Modosh's eyes flashed. "Well," he said, "I had a fall guy, didn't I? Or I would have had one."
"That's how it is?"
"That's how it is."
Amasr stopped next to the edge of the roof.
"I want you to know that the Pyke is dead, killed by Captain Grundo."
Modosh squinted at him. "Well, I figure it doesn't matter none at this point."
"I figure so."
Modosh nodded, taking his eyes off Amasr. It was his old trick Amasr remembered well, but still Modosh was quick and his blaster bolt quicker. It hit Amasr flat in the chest, and a supernova burst open in his lungs. He held onto his pistol tight, though.
Modosh was standing with his side to him, but less than two meters away. Out of the four shots Amasr let fly, at least one had to hit him.
He watched in dull amusement as they all passed over his brother's silhouette. Modosh fired again, hitting higher than the last time only because Amasr's legs were giving out.

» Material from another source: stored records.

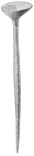 Of other ornaments found on the island on Lough na Glack, I may particularly mention several amber and blue glass beads, three bone pins, and a comb apparently of ivory. Of iron instruments, an iron dagger, measuring with the hilt fifteen inches; several iron coulters of ploughs, of very primitive form, seven inches in length; parts of iron instruments, the use of which it is impossible to determine; a long gun barrel, three feet eight inches in length, of that sort, I believe, formerly called a calliver; part of the lock of a pistol; many large bullets of lead were also found; I may add to this list a pair of quern stones, found in the Monalty Island, some burnt corn, the refuse probably of the primitive thrashing and winnowing of the ancient Irish, which consisted in merely setting fire to the corn when reaped; remains of coarse broken earthenware vessels, and bits of thick dark glass; an earthen pot, shaped like a hat; another of Dutch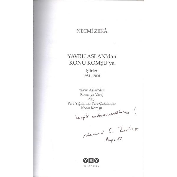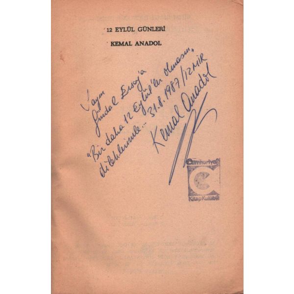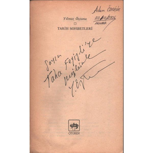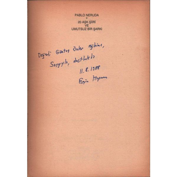 İthaf, " Aziz Dost Hayri Erdoğan´a sevgiler selamlar 198?" şeklindedir.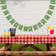 Green background for the soccer field with white field markings and a black and white soccer ball. This bunting says "Concession Stand" for your soccer, football parties.
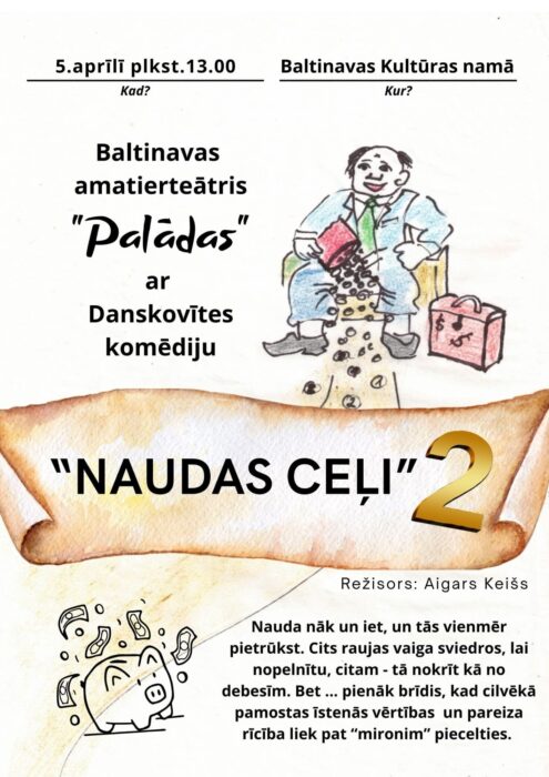 Lela nūtikšona svātdiņ, Pyrmajā Leldīnē, gaidoma Bolvu nūvoda Baļtinovā. Tī pyrmizruodi pīdzeivuos amaterteatra “Palādas” jaunuokais īstudiejums “Naudas celi 2”, kas ir turpynuojums skateituojim jau labi zynomajai Danskovītis lugai “Naudas celi”. Izruodis režisors – Aigars Keišs.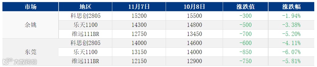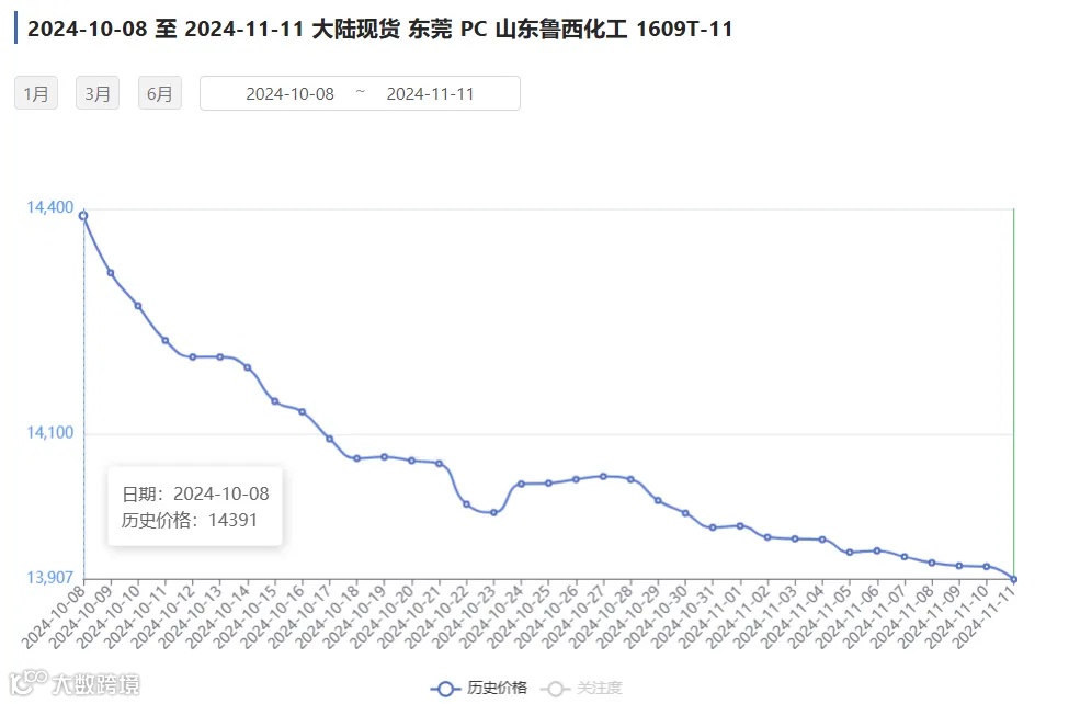 进入10月份,下游整体需求并无改观,工厂维持淡稳采购节奏,后市终端消费环境仍有待改善,下游工厂订单数量或依旧有限,市场库存水平预期或继续上升,以PC/鲁西化工/1609T-11为例,10月8日市场价为14391元/吨,截止至11月11日,价格跌至13907元/吨,下跌484元/吨。
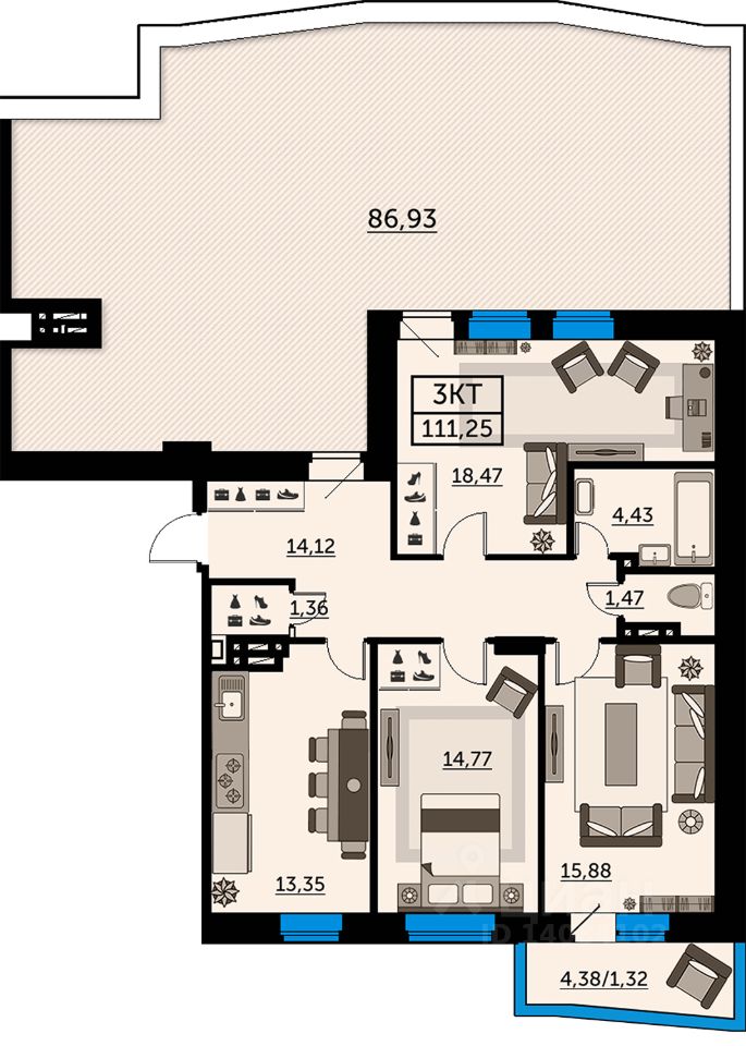 В продаже трехкомнатная квартира в новостройке. Лучшее решение для жизни, под сдачу или для инвестиций. Это светлая квартира-бабочка, со множество окон уютным балконом с одной стороны и с большой террасой с другой. В просторной прихожей также есть кладовая, которую можно использовать как зону для хранения. Благодаря продуманному расположению комнат и другим преимуществам здесь будет комфортно всей семье Самые выгодные предложения на этапе строительства. Успейте приобрести квартиру от застройщика по доступной цене.

Amasr pulled the trigger once more — more of a galvanized reaction than anything else — and now Modosh too was falling down.
The heat became visible; in fact, it became the only thing he could see, whirling in front of his eyes even when he closed them. It was orange and ochre and red and all the colors he did not know existed. He was burning, but that was par for the course. How else would he become part of this place?
His brother stepped out of the incandescent clouds — or maybe they turned into him. Amasr saw they were bound to collide, but he could do nothing about it. Then they collided, and the gas-and-dust fog cleared, leaving only the pain and the heat.
Modosh's right arm ended in a fried stump. Amasr couldn't help but feel glee: what were two heart shots against a hit on the blaster?
But Modosh's left hand was still there, and grabbing Amasr's throat. He felt the parapet with the small of his back. That was fine, though — he still had his blaster. He raised his hand and saw it was empty.
Reflexes took the wheel, and he saw his thumb claw enter Modosh's eye. Modosh growled, but that was it as far as his reaction went — he knew better than to shake his head in this situation. The grip on Amasr's throat became no laxer. Amasr pushed his thumb further down, his fingers burrowing into the skin on Modosh's head. There was an amazing clarity to this, such as he'd never know if not for nearly having succumbed to death a moment earlier. He knew he was hanging over the roof edge held by the two hands remaining to them, and he knew he would not let go.
Modosh growled again. Half his face was covered in blood, and still more was running down from the eye socket. He froze for a second, as if contemplating his next move, and then pushed at the roof with his legs, throwing himself at the parapet. Amasr felt the ground rushing towards his back, as he felt his hand inside his brother's skull and his brother's hand ripping his throat, and for the first time in his life, he felt love for his brother.